Eleven Sports is a Portuguese sports-oriented premium cable, satellite and IPTV television network with six premium channels and an OTT service. It is owned by Andrea Radrizzani (executive of the sports marketing MP & Silva) and The Channel Company. The operator opened its doors in Portugal in 2018 with the purchase of Champions League and Spanish League rights.

History 

In May 2018, Eleven Sports announced the purchase of the rights of the UEFA Champions League and LaLiga Santander for the Portuguese market. On the same month, Eleven announced a distribution partner with Portuguese telco Nowo.

In June 2018 it was announced the purchase of the rights to three French football league competitions: Ligue 1, Coupe de la Ligue and Trophée des Champions.
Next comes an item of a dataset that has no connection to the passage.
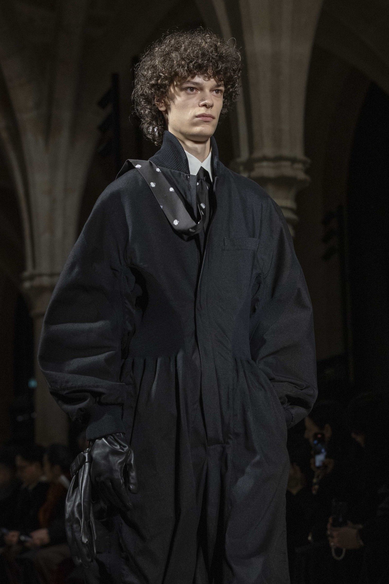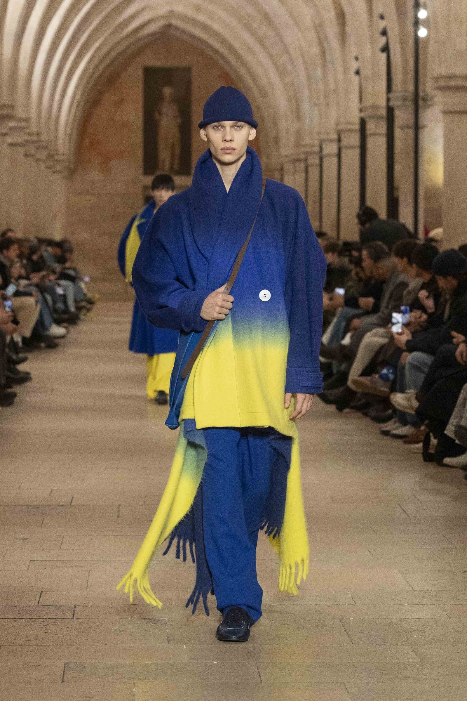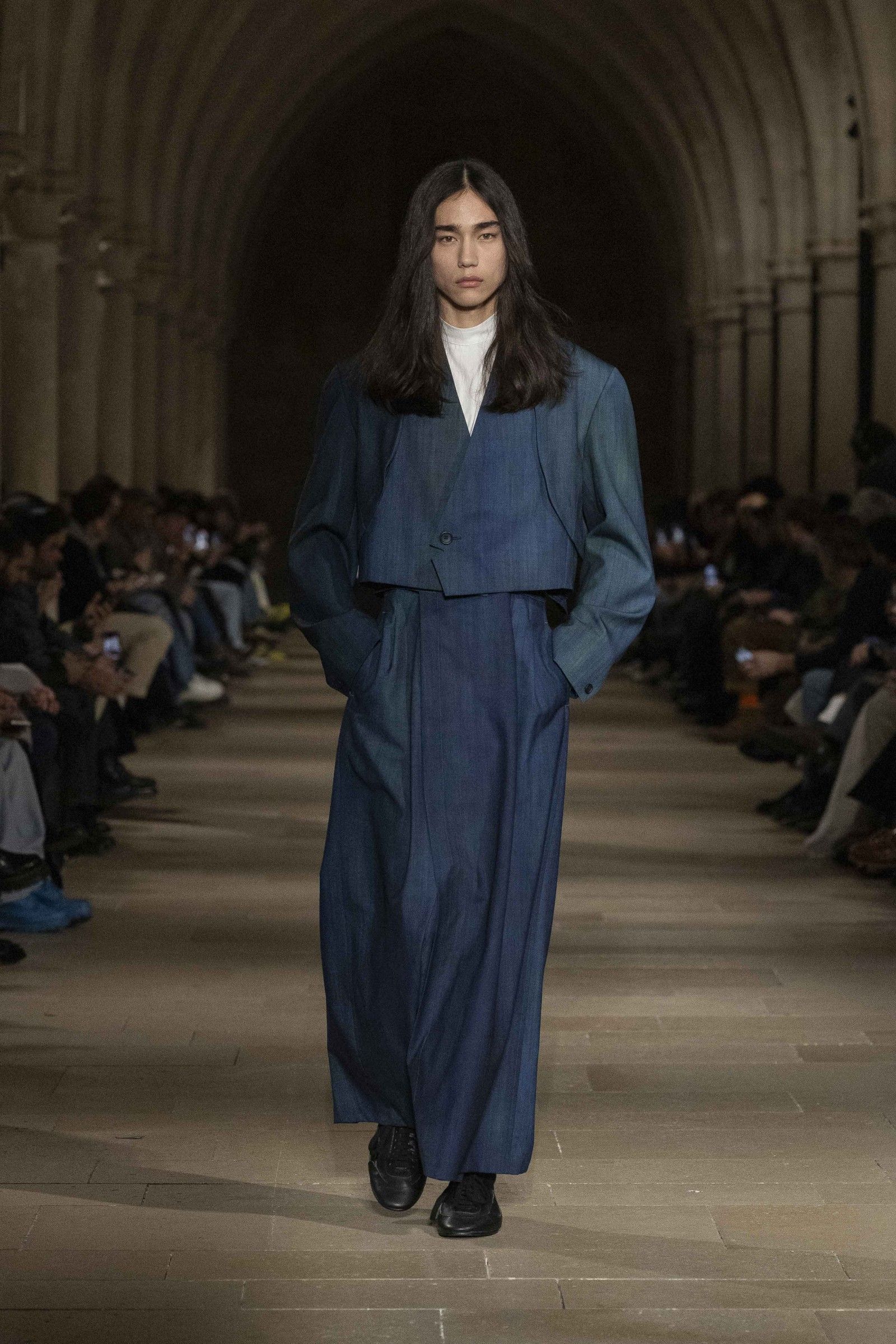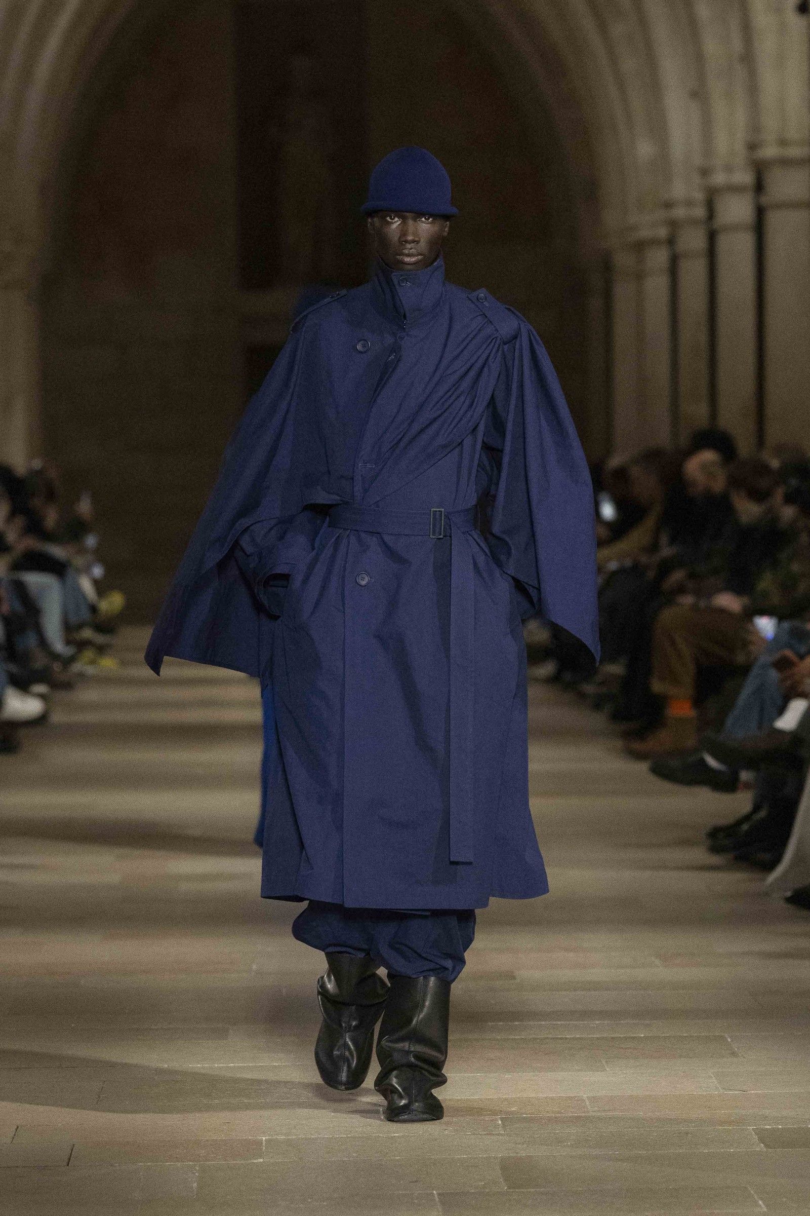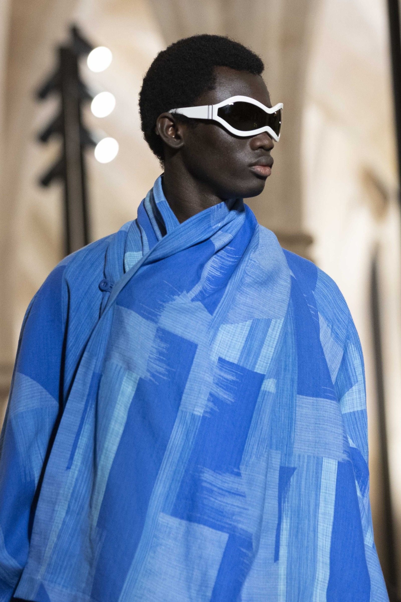 During the show, a sense emerged that formality is not imposed by rigid schemes, but springs from an inner essence, where the abstract beauty of the silhouettes translates into versatile and pragmatic garments, however conventionally elegant. Inspired by the shifting colors of the sky, ranging from the black of night to the violet of dawn and the blue and yellow of midday, the collection turns fabric into a medium for inner expression. The proposal, however, unlike the previous collection, opens a dialogue with traditional men's tailoring that at first glance is recognizable but in reality becomes increasingly experimental look after look.

On June 19, 2018, Eleven announced that it had purchased the rights to broadcast the Scottish Premiership, Belgian Pro League (starting in 2018-19 season) and Bundesliga (starting only on the 2019-20 season)

At an interview with local newspaper Expresso, Danny Menken (Eleven's Group Managing Director) referred that Eleven Sports will comprise as a premium package of two 24/7 HD channels (with 4 pop-up channels for overflow coverage) costing less than €10 per month (with discounts for season pass subscribers). The package will be launched on August 15, 2018, the day of the 2018 UEFA Super Cup. On June 29, 2018 it was officially announced that Eleven Sports will have two offerings: a linear offering with two 24/7 channels in HD (with 4 pop-up channels for overflow coverage) and an OTT streaming offer. Both options will cost €9.99.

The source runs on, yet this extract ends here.